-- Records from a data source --
- Opening Delimiter -

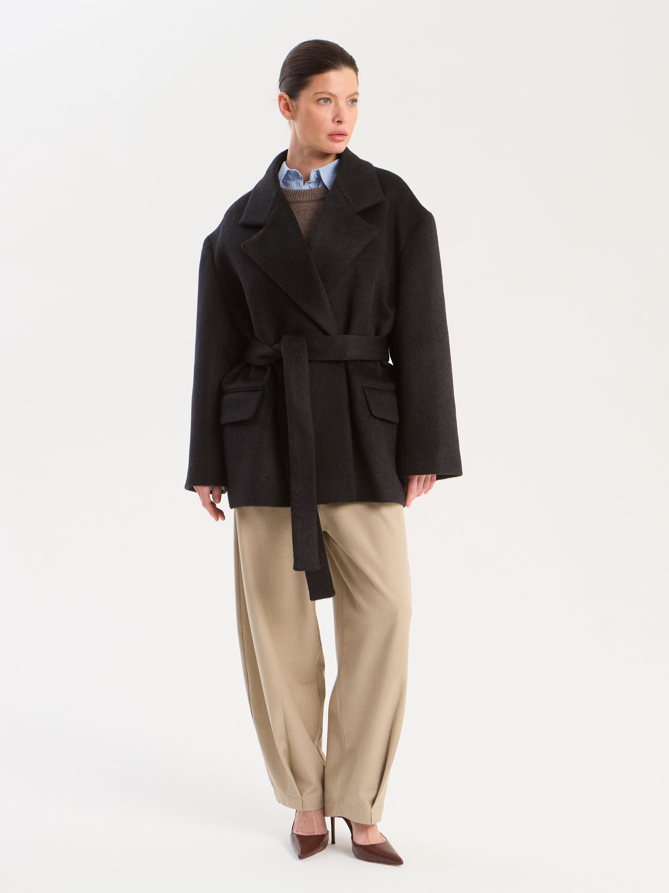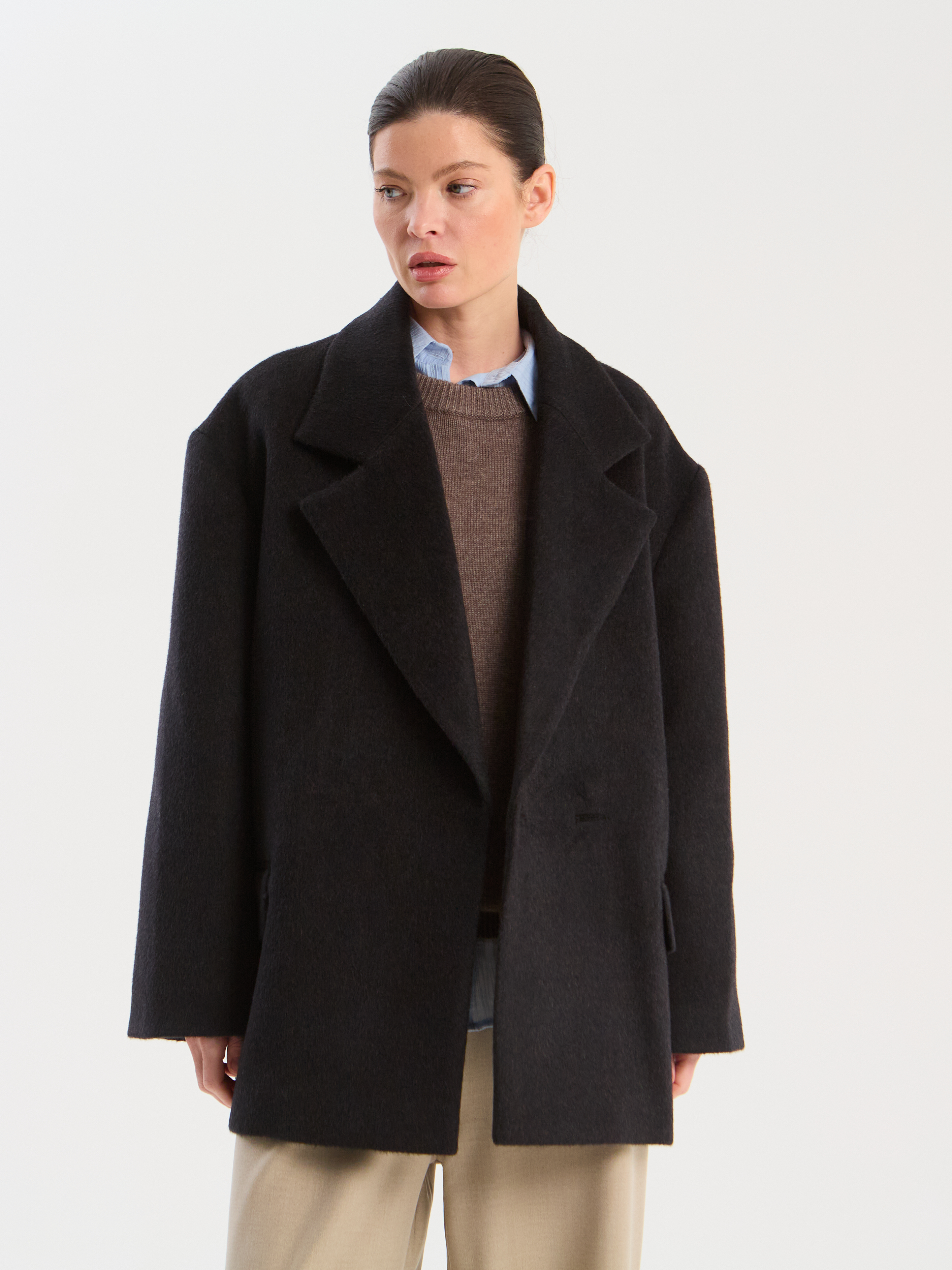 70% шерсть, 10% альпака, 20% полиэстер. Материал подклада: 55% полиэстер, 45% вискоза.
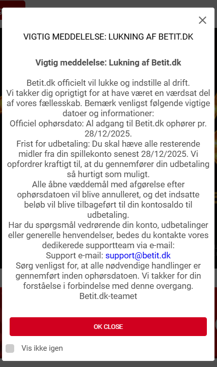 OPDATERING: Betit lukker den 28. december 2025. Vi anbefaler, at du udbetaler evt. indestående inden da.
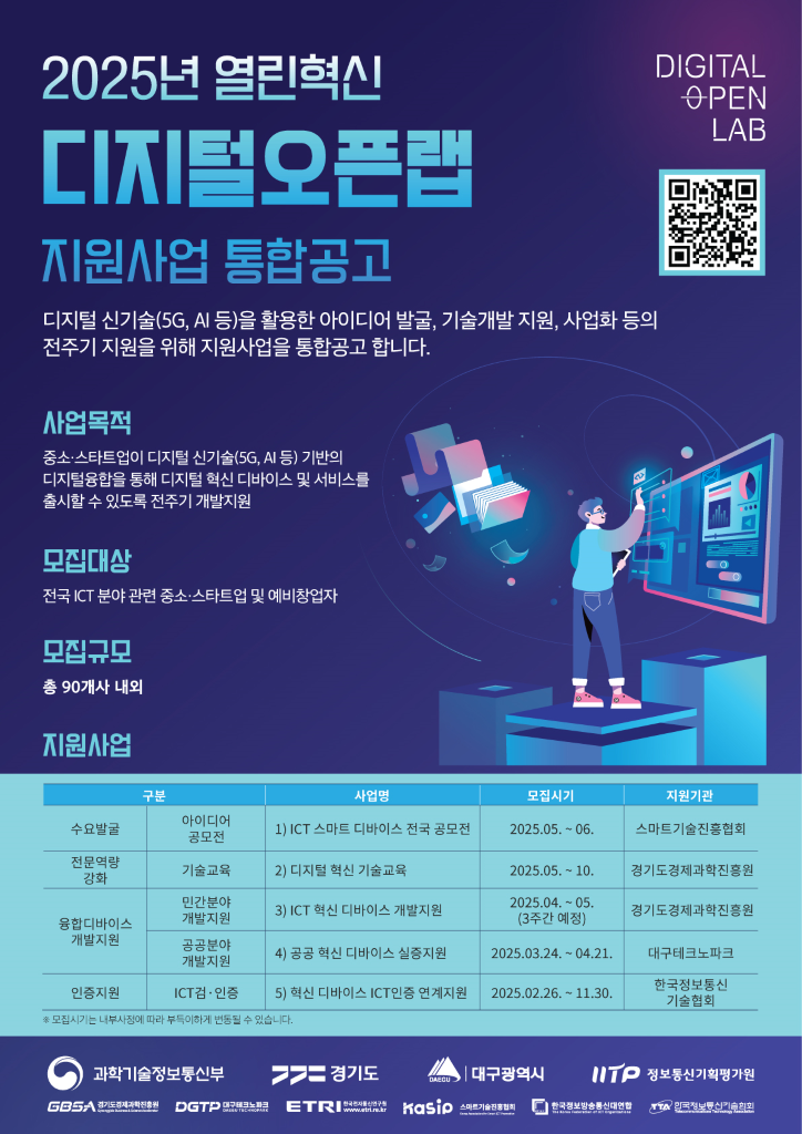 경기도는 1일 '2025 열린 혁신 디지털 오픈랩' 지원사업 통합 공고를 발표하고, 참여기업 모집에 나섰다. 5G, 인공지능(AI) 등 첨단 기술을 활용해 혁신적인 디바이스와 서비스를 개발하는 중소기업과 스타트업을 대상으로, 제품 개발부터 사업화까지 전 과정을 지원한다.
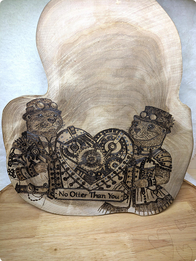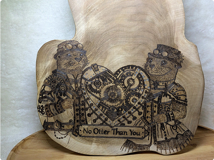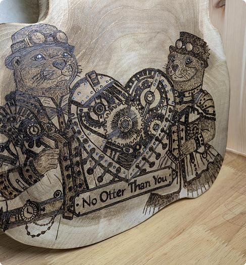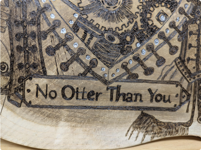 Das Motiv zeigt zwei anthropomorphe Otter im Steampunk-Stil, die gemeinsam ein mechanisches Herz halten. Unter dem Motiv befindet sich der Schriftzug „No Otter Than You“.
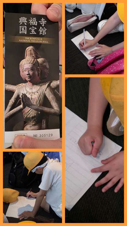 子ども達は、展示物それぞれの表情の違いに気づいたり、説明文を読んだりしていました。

- Closing Delimiter -

-- WHAT YOU SHOULD DO --
Would you retype the lines from the line containing "OPDATERING: Betit lukker" to the final line of the entries above, exactly as given and without pictures?

-- YOUR RESPONSE --
 OPDATERING: Betit lukker den 28. december 2025. Vi anbefaler, at du udbetaler evt. indestående inden da.
 경기도는 1일 '2025 열린 혁신 디지털 오픈랩' 지원사업 통합 공고를 발표하고, 참여기업 모집에 나섰다. 5G, 인공지능(AI) 등 첨단 기술을 활용해 혁신적인 디바이스와 서비스를 개발하는 중소기업과 스타트업을 대상으로, 제품 개발부터 사업화까지 전 과정을 지원한다.
 Das Motiv zeigt zwei anthropomorphe Otter im Steampunk-Stil, die gemeinsam ein mechanisches Herz halten. Unter dem Motiv befindet sich der Schriftzug „No Otter Than You“.
 子ども達は、展示物それぞれの表情の違いに気づいたり、説明文を読んだりしていました。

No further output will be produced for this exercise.